# 1997 Univega Alpina 500



## Spokesmann (1 Aug 2010)

This is my first post in the MTB area be gentle!! as Im really a Carlton enthusiast who used to do a fair bit of off road and the like.

Im currently giving this old machine a good clean and make over... (Ill post some pics later). Ive had this bike since new and just wondered how many other members have a Univega? - when I purchased this one back in April 1997 it cost around £500 then, has a good spec and damn rigid, light frame - a few years of communiting on it has left it in a bit of a mess - hence the clean, strip down an polish. Im fitting new grips, new tyres and new chain and B blocks...

Pics soon!


----------



## Spokesmann (1 Aug 2010)

Spokesmann said:


> A few shots of my refurb.
> 
> The bike has been looked after but has just got pretty grubby. Ive done a basic clean of the frame (work still to do). Im replacing all the inner cables too, some were cracking and the front changer cable has seized. New M65T block will be fitted along with some 2.4 Continental Mountain King tyres ( I still like to have odd off road excursion...). Im also replacing the IG chain with a new one, the current one is well caked and has a few stiff links.
> 
> ...


----------



## andrew-the-tortoise (1 Aug 2010)

Got a Univega RAM 970 - use it for commuting (with mudguards, road tyres & pannier)

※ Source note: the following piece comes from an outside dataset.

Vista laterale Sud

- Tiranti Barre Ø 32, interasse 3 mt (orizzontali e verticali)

Looks a strange beast; as I also fitted trekking bars; but suits its purpose well


----------



## Spokesmann (1 Aug 2010)

andrew-the-tortoise said:


> Got a Univega RAM 970 - use it for commuting (with mudguards, road tyres & pannier)
> 
> 
> 
> ...



Hell that looks different!


----------



## Wobbly John (1 Aug 2010)

I have a 1996 Univega Alpina 506 (LX/XT), and a '97 504 that I bought as a frame & forks and built up. In the shed is also my daughter's Univega Alpina 502 (STX) and I have a Univega Rover 300 as a hack bike for towing stuff to & from the allotment.

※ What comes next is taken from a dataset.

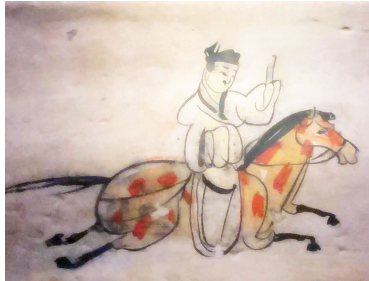
嘉峪关魏晋墓葬群5号墓前室北壁东侧“驿使图”壁画砖 甘肃省博物馆
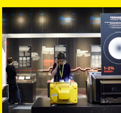
Fake News sind nicht neu. Was aber seit dem Aufkommen von Internet und Social Media anders ist, thematisiert die Medienstelle für alte und neue Fake News.

Your Univega 500 looks to me like a '96 model - in '97 they went for 'V' brakes and 1 1/8" headsets. £500 seems very over-priced. I paid half that for my daughter's STX equiped 502.


----------



## Spokesmann (2 Aug 2010)

Wobbly John said:


> I have a 1996 Univega Alpina 506 (LX/XT), and a '97 504 that I bought as a frame & forks and built up. In the shed is also my daughter's Univega Alpina 502 (STX) and I have a Univega Rover 300 as a hack bike for towing stuff to & from the allotment.
> 
> Your Univega 500 looks to me like a '96 model - in '97 they went for 'V' brakes and 1 1/8" headsets. £500 seems very over-priced. I paid half that for my daughter's STX equiped 502.



I fear you may be right.....


----------



## Spokesmann (4 Aug 2010)

Fitted new tyres today as well as new inner cable for the rear mech. Overall this is coming together now. Im looking forward to getting out on this one. 
Still need to fit new grips and IG chain and some new toe-clips and straps. 

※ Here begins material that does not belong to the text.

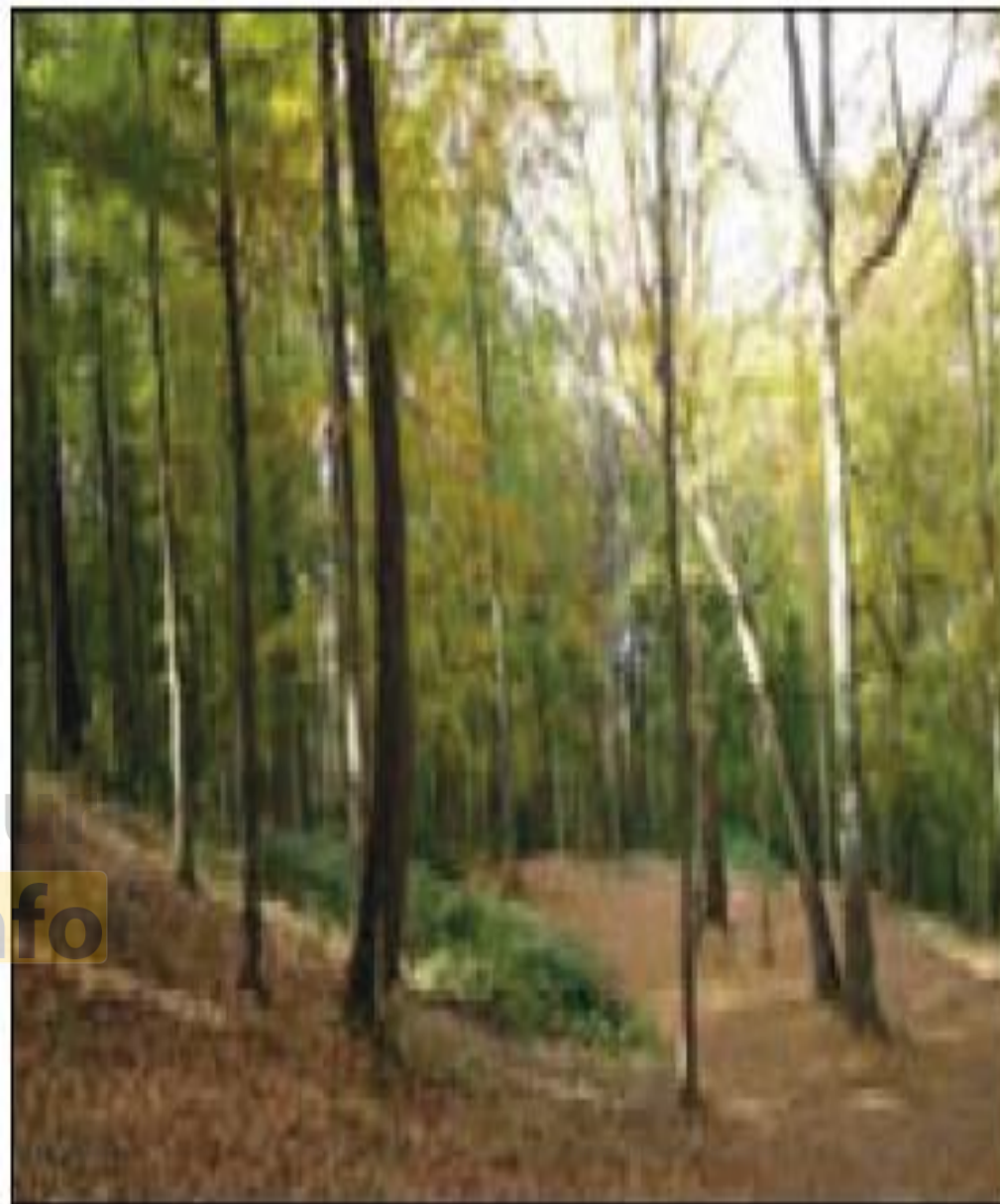
جنگل گلستان - استان گلستان

Then just a good check over, adjust gears and brakes and fingers crossed it will be ready for the road by the weekend.


----------



## Spokesmann (7 Aug 2010)

Fitted new chain and some other bits today. Was able to take the bike for a test ride and all seems fine - some adjustment to the rear mech was needed, but thankfully the indexing is all fine. I need to remove a couple of links form the chain, but apart from that the machine handles well and stops quick too. The tyres are very grippy indeed.

A few images I took of this first outing since a complete rebuild and clean.
















New grips...















Excuse the ginger blob in this photo, he would not move!


----------